For much of the past 18 months, the Campaign for Science and Engineering was regularly asked the same question. It might have been only a few years since the lobby group changed its name from Save British Science, which had started to sound a little odd as Research Council budgets were being doubled. But was it time to change it back?

It is easy to see why such a move might have been worth considering, for if the future of British science had looked reasonably secure when CaSE rebranded itself, at least four significant new threats had recently presented themselves. First, there was the crisis over scientific advice to government, provoked by Alan Johnson’s decision to sack Professor David Nutt as chairman of the Advisory Council on the Misuse of Drugs, without reference to either the Science Minister or the Chief Scientific Adviser.
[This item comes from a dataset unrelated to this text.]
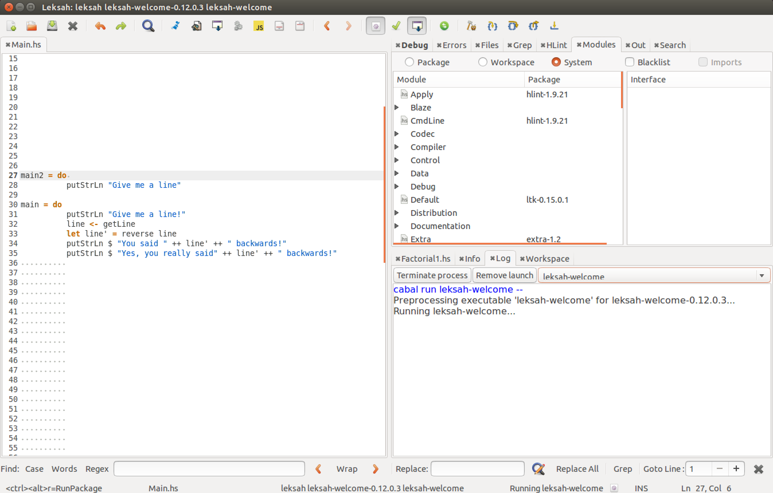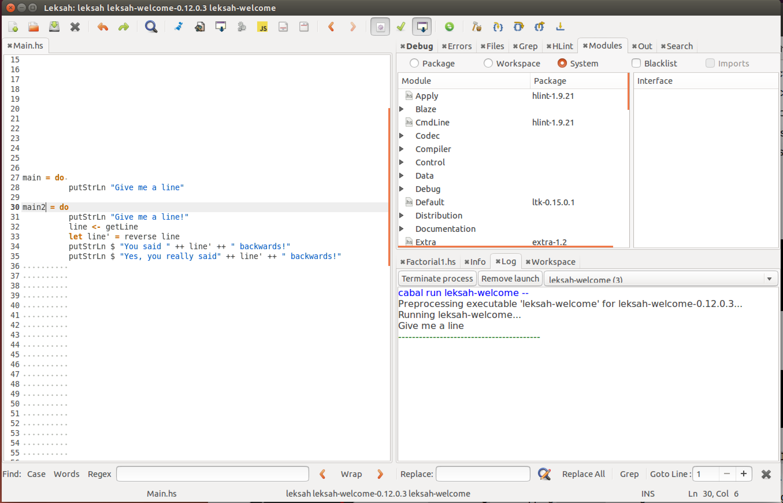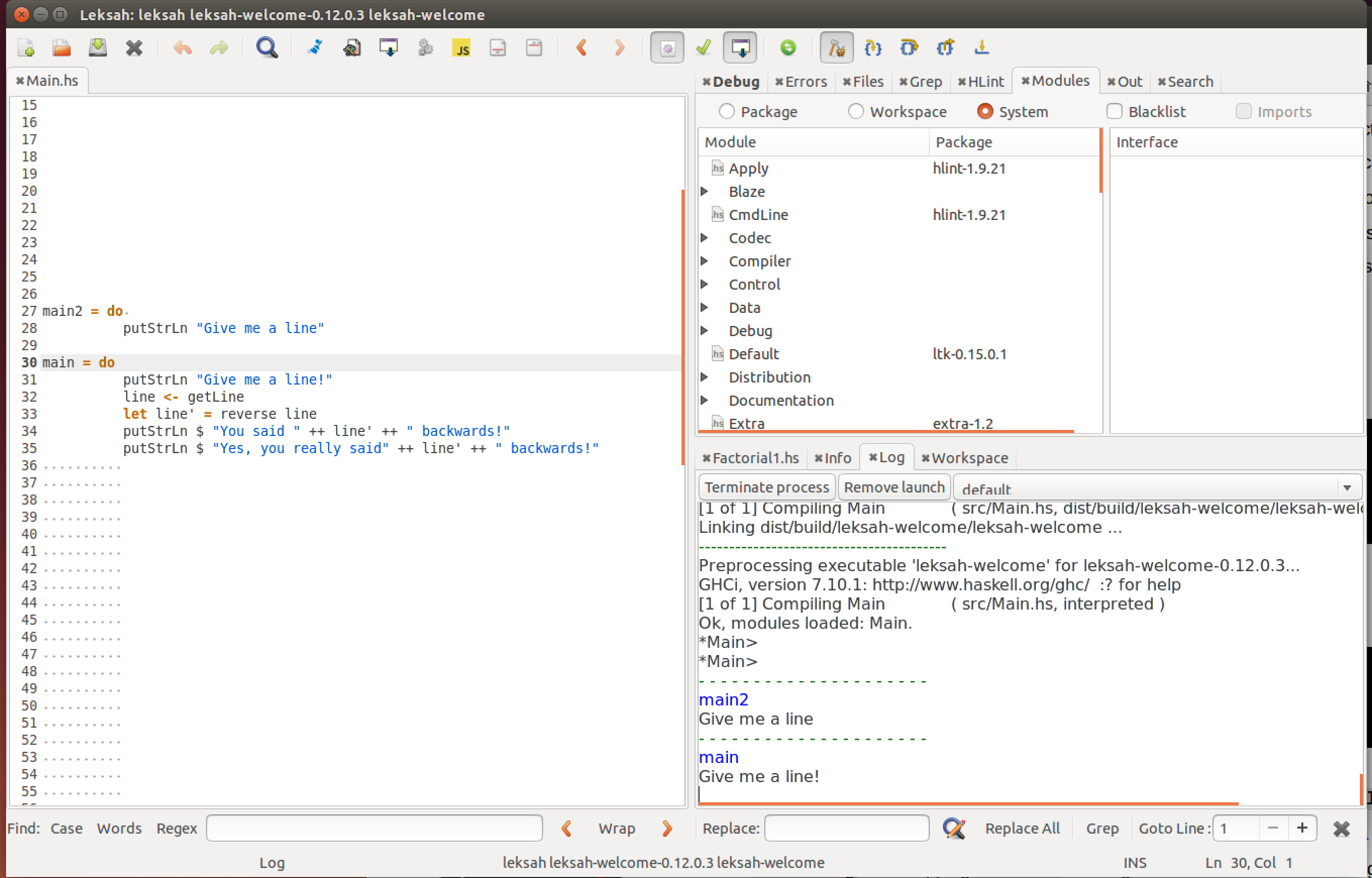 第二种方法:在Leksah中使用GHCi。

Then there was the spate of libel actions brought against scientists and science writers, most prominently the cases against Peter Wilmshurst and Simon Singh.

The deficit brought on by the financial collapse meant that significant public spending cuts were expected after the general election, regardless of its outcome, and none of the three parties was prepared to guarantee the science budget. On top of that, the favourites to win were the Conservatives, who were pledged to introduce an immigration cap that could prove profoundly damaging to the interests of research.

Perhaps British science still needed saving after all. None of these threats has been eliminated entirely. But to different degrees, all now look a little less severe than they once did, in part because of CaSE’s activities.

Together with allied groups such as Sense About Science, CaSE played an important role in leading the scientific community’s response to the Nutt affair and the libel reform campaign, with tangible results in each instance. A set of principles guaranteeing the independence of scientific advisers has now been incorporated into the ministerial code, and though somewhat weaker than might have been hoped for, these should help to prevent future ministers from acting like Mr Johnson. All three main parties committed themselves to reforming the libel laws in their manifestoes, and a bill is expected next year.

On funding and the immigration cap, CaSE have led the way to great effect. In the months ahead of the Spending Review, it was instrumental in marshalling the arguments that transformed a proposed 25% cash cut for science into a flat cash settlement.

Senior government figures have told me that a letter to The Times signed by several business leaders, organised by CaSE, was extremely helpful to David Willetts and Vince Cable as they argued for science funding with the Treasury. This was followed by the Science is Vital campaign, which made it clear to ministers that a substantial constituency would be watching the science settlement closely the next time they cast their votes. CaSE and Science is Vital kept the issue high on the media agenda, particularly in The Times and The Guardian, which both ran supportive leaders. The outcome of the Spending Review was not ideal – flat cash still means a real terms cut of about 10% – but it was considerably better than might have been expected.

On immigration, CaSE’s efforts again seem to have had a significant influence. Particularly important was the letter to The Times from eight Nobel prize-winners, including the two new Russian-born laureates, Andre Geim and Konstantin Novoselov, published on October 7. It thrust the damaging effects of the cap on science onto the front pages, forcing ministers to think hard about how they might be mitigated.

British science may not quite need saving any more, but what all these issues highlight is the continued need for the community of those who care about it to remain politically vigilant and active. They also show that well-directed lobbying of the sort CaSE has led can have considerable effects.